Fellow sentencing guru Mark Osler sent via e-mail this first-cut reaction to the Sentencing Commission new cocaine report (basics here):

A federal defender, one of the smartest people I know in sentencing, called me this afternoon to talk about the proposed crack guideline amendments.  He got my voice mail, and left this provocative message: “What’s going on?! These things are all over the place!”

He’s right, and the Sentencing Commission’s report on “Cocaine and Federal Sentencing Policy” (released about the same time as that call) does not do much to clear things up.  The USSC’s report is chock-full of great data and analysis.  However, when the rubber hits the road, the Commission makes just three recommendations to Congress, on page 8: First, increase the amount needed to trigger mandatory minimums for crack; second, repeal the mandatory minimum for simple possession; and third, don’t solve the problem by lowering the thresholds for powder cocaine which trigger mandatory minimums.

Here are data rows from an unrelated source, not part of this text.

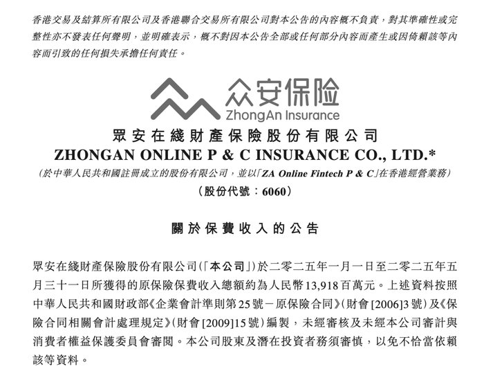 众安在线前五月原保险保费收入近139亿元 该保险总保费同比增长13%
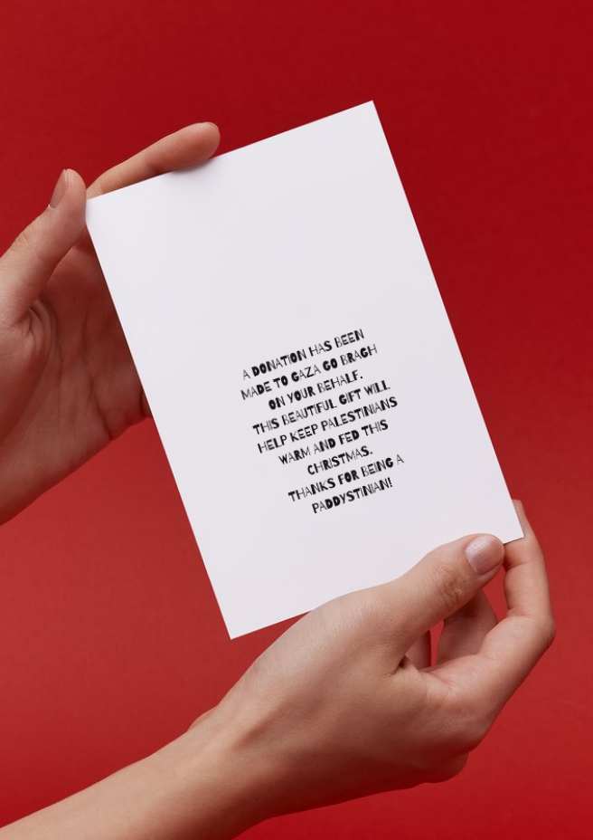 This digital, printable card is the perfect way to show your support while donating to the incredible Gaza Go Bragh. Upon purchase, you'll be directed to a link to download the card, ready to print and share with your favorite Paddystinian.
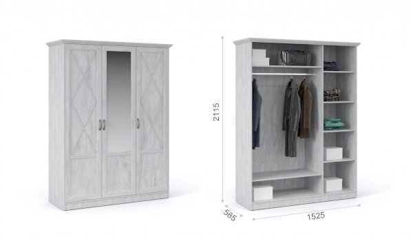Распашной трехдверный шкаф выполнен в популярном стиле неоклассика – белые рамочные фасады с фактурой и рисунком натурального дерева, декоративные крестообразные накладки, фигурные ножки и карниз все это придает комнате элегантный и светлый вид. Вместительные отделения со штангой и полками поместит в себя верхнюю одежду, коробки с обувью и головные уборы. Мебель выполнена из экологичных материалов.
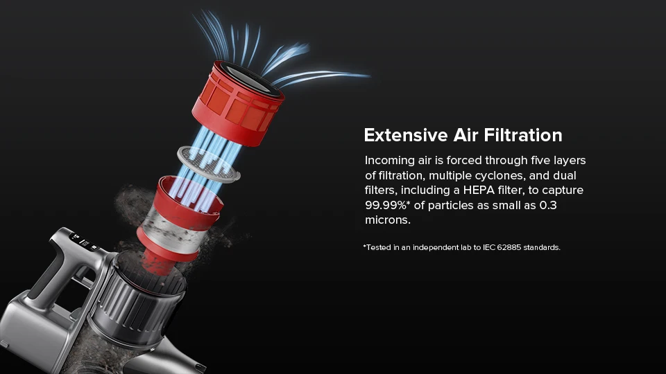 Экстремальное всасывание 160AWЭкстремальное всасывание, генерируемое многослойным крыльчаткой, вытягивает грязь из глубоко внутри ковров, кроватей, автомобильных сидений и многого другого.Обширная фильтрация воздухаВходящего воздуха принуждается через пять слоев фильтрации, циклоны и двойные фильтры, в том числе HEPA фильтр, чтобы захватить 99.99% частиц как малых по мере того как 0,3 микрона.Устранение загрязняющих веществ и аллергеновПять этап очищения воздуха система фильтров до 99.97% частиц до 0,3 мкм. Только чистый воздух выходит из строя.Подставка для мешка для пылиЗамените в пылесборнике, чтобы получить беспроводную вакуумную простоту в использовании, сохраняя чистоту мусорного ведра и избегая протечек при опорожнении.Сохраняет чистку дольше

I’m all for these recommendations.  However, they leave open a key question: If we leave behind the 100-to-1 ratio, what will take its place?  This crucial question is more complex than it may at first appear — what is at issue is not just what other ratio we should employ, but whether we should tie crack sentencing to powder cocaine at all. 

Which brings us back to the call I received from my friend the public defender.  He was very happy that the proposed guidelines lowered the crack ranges, but noticed that they were no longer tied to any ratio at all relative to powder cocaine.  For example, at level 28 of those proposed guidelines, the ratio is 17.5-to-1, at level 26 it is 25-to-1, and at level 24 it shoots up to 80-to-1.  Obviously, the sentencing commission is comfortable not just with adjusting the ratio, but with throwing out the idea of a ratio altogether.  In keeping with this new outlook, the key recommendations of the new report to Congress do not suggest 20-to-1 or any other ratio to direct Congressional reforms, unlike the 2002 report.

It is a brave new world, if we might be free not only from the 100-to-1 ratio, but the idea of ratios controlling the way we think about crack sentencing.